By Arunabha Bagchi
On the occasion of our completing 70 years of Independence, a number of reputed English language newspapers published blogs of famous overseas Indian writers about their thoughts on that event. The comments were uniformly banal, with the common theme of the alarming rise of the Hindutva brigade out to destroy our diversity of culture, religions and languages.
Only the oped article of Pankaj Mishra in The New York Times had a nuance that caught my attention: “But a sober reckoning with the deep malaise in India can be bracing too. For it confirms that the world as we have known it, molded by the beneficiaries of both Western imperialism and anti-imperialist nationalism, is crumbling and that in the East as well as the West, all of us are now called to fresh struggles for freedom, equality and dignity.”
It is this crumbling of the world order that is being occupied at a rapid pace by the Alt-Right in the West and Hindutva in India. Alt-Right, abbreviation for Alternative Right, is the palatable name for White Nationalism; Hindutva is a euphemism for Hindu Nationalism.
In Europe Alt-Right propagates White Nationalism by appealing to the xenophobic nationalism of each nation state, while in the United States it has taken the form of unabashed white (European) nationalism.
It encompasses all fringe groups like neo-Nazis, Ku Klux Klan and white supremacists, but also a splinter group of ultra conservatives targeting the white working class there that lost out in the globalization game.
They spread fears among the ‘European Americans’ that they would become minorities in their own country. Donald Trump and AltRight found each other in this dangerous game. From my boyhood I heard similar fear-mongering among the ultra conservative Hindus that we would become minorities in our own country.

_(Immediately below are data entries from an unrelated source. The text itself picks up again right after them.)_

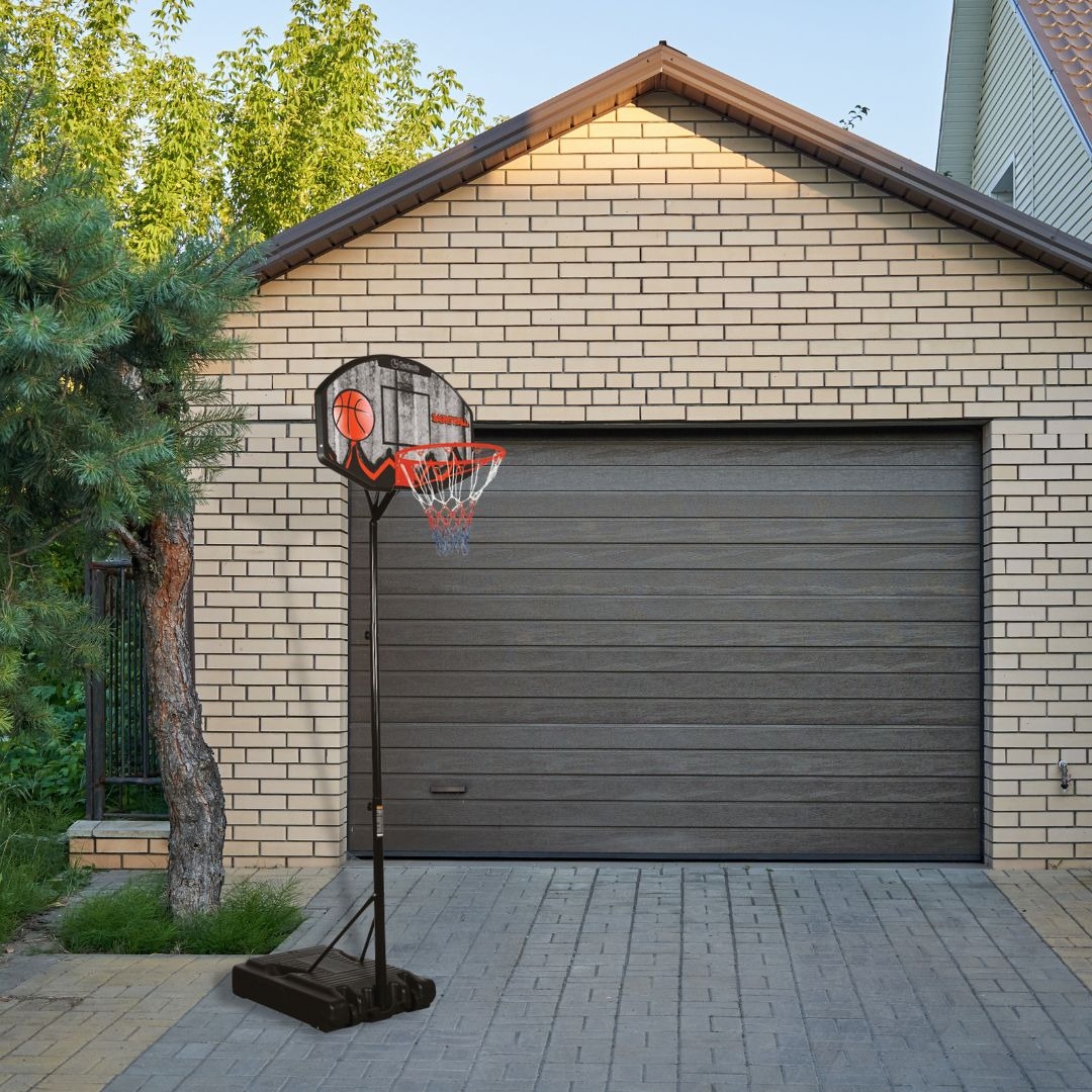 Der starke Metallring, der das stabile Allwetternetz umspannt, erfüllt den Wettkampfdurchmesser von 45 cm und ist mit einer Metallplatte an der 22 mm dicken, rippenverstärkten Rückwand fixiert. Das attraktiv gestaltete Backbord ist Rückseitig mit einer zusätzlichen 3-fach Metallstrebe verstärkt. Das mit zusätzlichen Spannstreben mit dem Standfuß verbundenen dreigeteilte ca. 5 cm starke pulverbeschichtete Rohr ist höhenverstellbar. Damit lässt sich die Korbhöhe (Metallring) von 190 cm bis 260 cm variabel verstellen. Ideal für Groß und Klein!
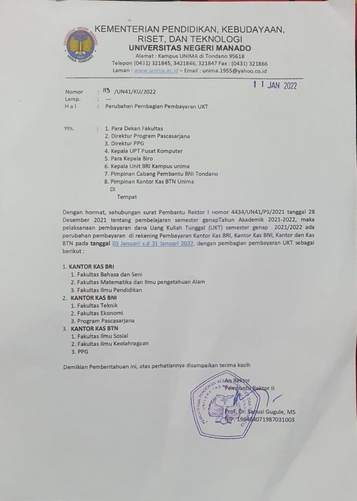 Perubahan Pembagian Bank Pembayaran UKT Semester Genap TA 2021/2022
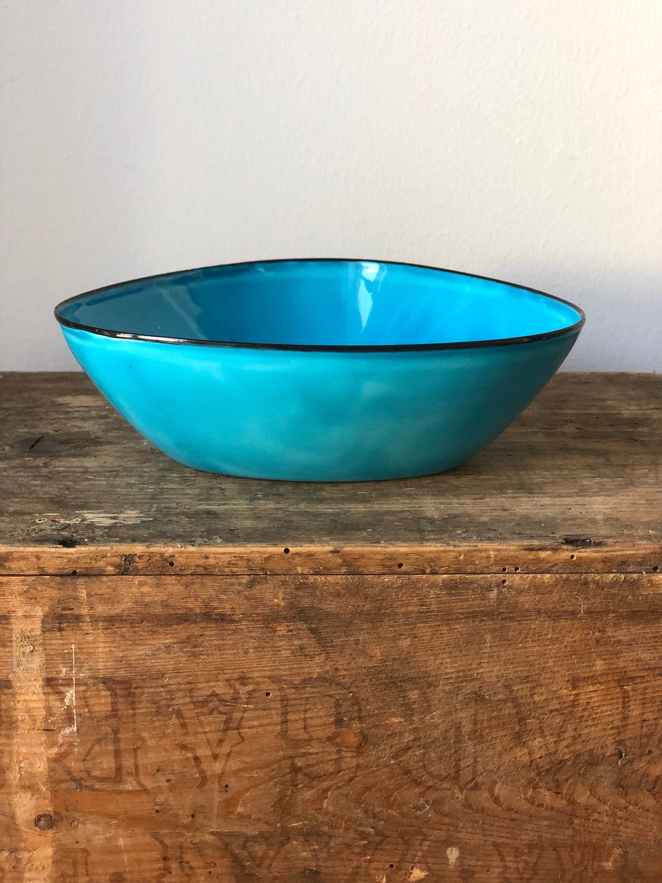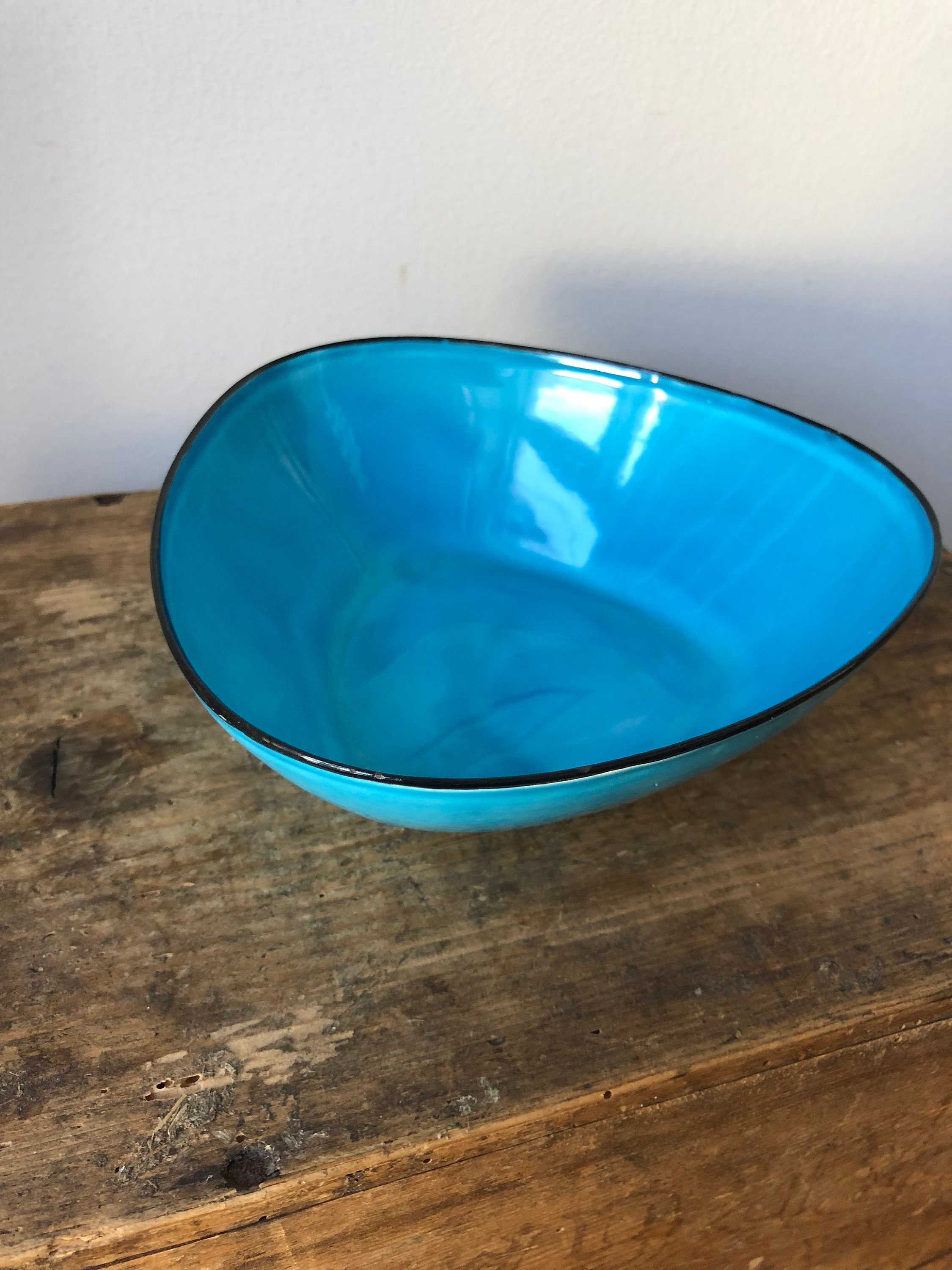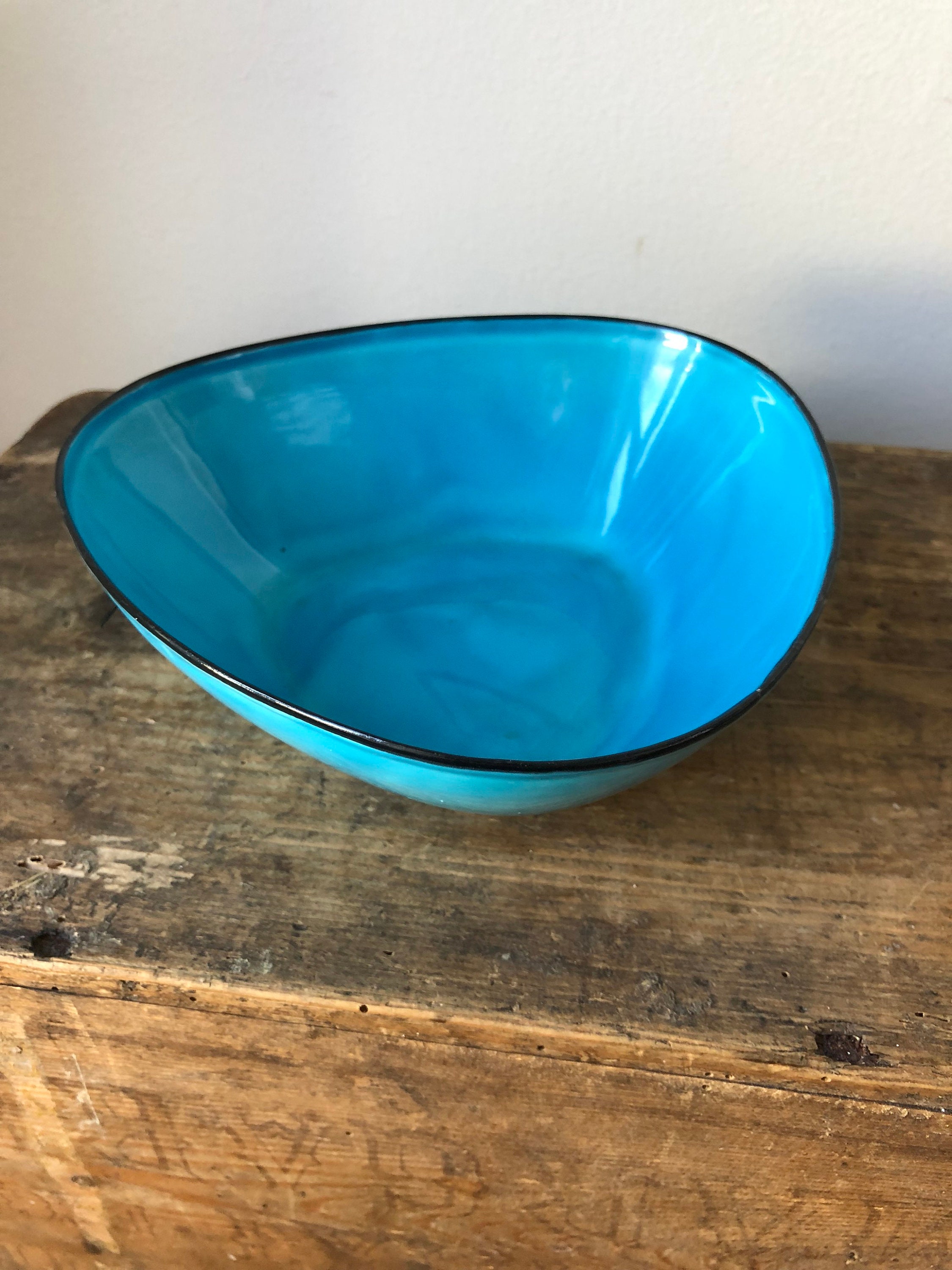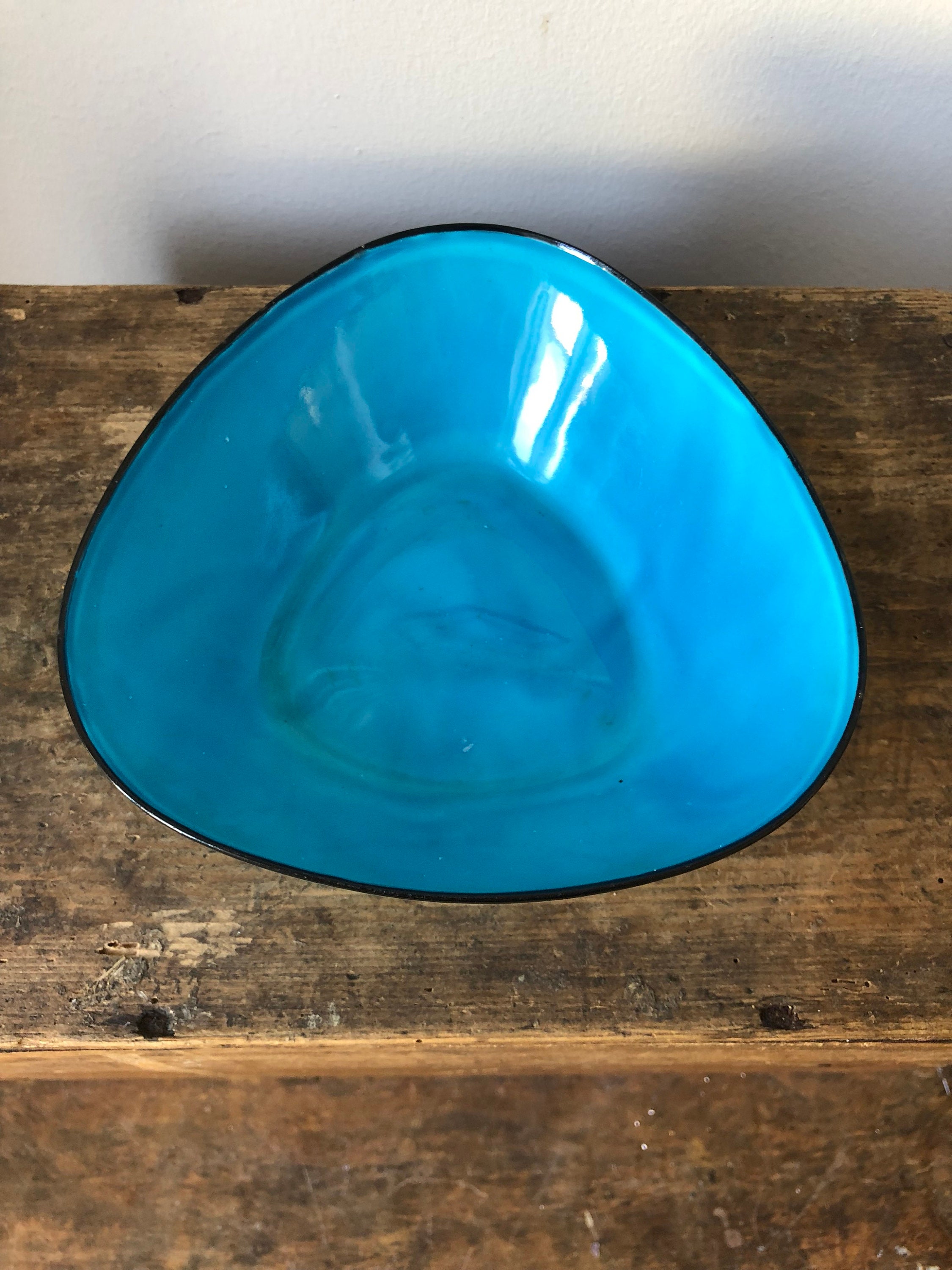 This is a triangular Kockums enamelware bowl designed by Arne Erkers in the 1950s.

Muslim Personal Law was to blame, according to these Hindus, as it allowed Muslim men to have four wives resulting in an avalanche of Muslim children.
Nehru’s persistence of an idealistic vision of our strength through diversity and his diktat to develop a secular state, in sharp contrast to the policy followed by Pakistan, gave us a moral high ground internationally among the countries slowly getting out of the imperialistic yoke.
But within India the colonial system of governance continued unabated after Independence with only native bureaucrats taking over the oppressive state machine from the Englishmen.
Despite Nehru’s proclaimed belief in socialism, ‘inclusive growth’ remained just a slogan. The middle class, benefiting immensely from economic liberalization from the 1990s formed an alliance of convenience with the very rich. The disgruntled poor and lower middle class Hindus became prey to religious symbolism of the Hindutva brigade.
Hindu nationalism became the rallying cry until BJP came to power in Delhi with absolute majority under the leadership of Narendra Modi.
The similarities between AltRight and Hindutva are striking. Both groups spew hate against anyone questioning their ideas. They troll the social networks and attack viciously those challenging them. Alt-Right is just as hostile to multiculturism in the West as the Hindutva is to secularism in India. Their leaders, Donald Trump and Narendra Modi, are master communicators with mesmerising effects on their audiences. Despite obvious similarities, there are also many differences between Alt-Right and Hindutva. AltRight is for maintaining the control of America by the ‘whites’, and against immigrants including Indians.
Hindutva is against Indian Muslims most of whom are converts and lived in India nearly as long as their Hindu neighbors. American whites from the North and the South fought a long and bloody civil war between them, with the nascent industry in the North trying to release blacks from slavery in the South for providing cheap labour in the factories in the North. The resulting animosity among the whites in the North and the South was finally smoothed over by Ronald Reagan and that unwittingly led to white nationalism today.
There was never any regional conflict among Hindus in modern times despite regional differences. But the caste system among Hindus has always been a tricky problem for the Hindu nationalists. They are now focusing on the great Hindu family by directing the grievances on the minority religions, thereby diverting attention from casteism.
To get the Dalit support, they overtly praise Dr. Ambedkar on all occasions, without ever mentioning his fiery appeal for the “abolition of castes.”
If this policy succeeds the Sangh Parivar’s dream of the Hindu Rashtra will become a reality. The dream of the Alt-Right to make the European Rashtra in the US may be impossible to achieve, as religion and nationalism is a more potent mixture in India than race and nationalism in the US.
After all, America lost many lives to defeat Nazism in Europe.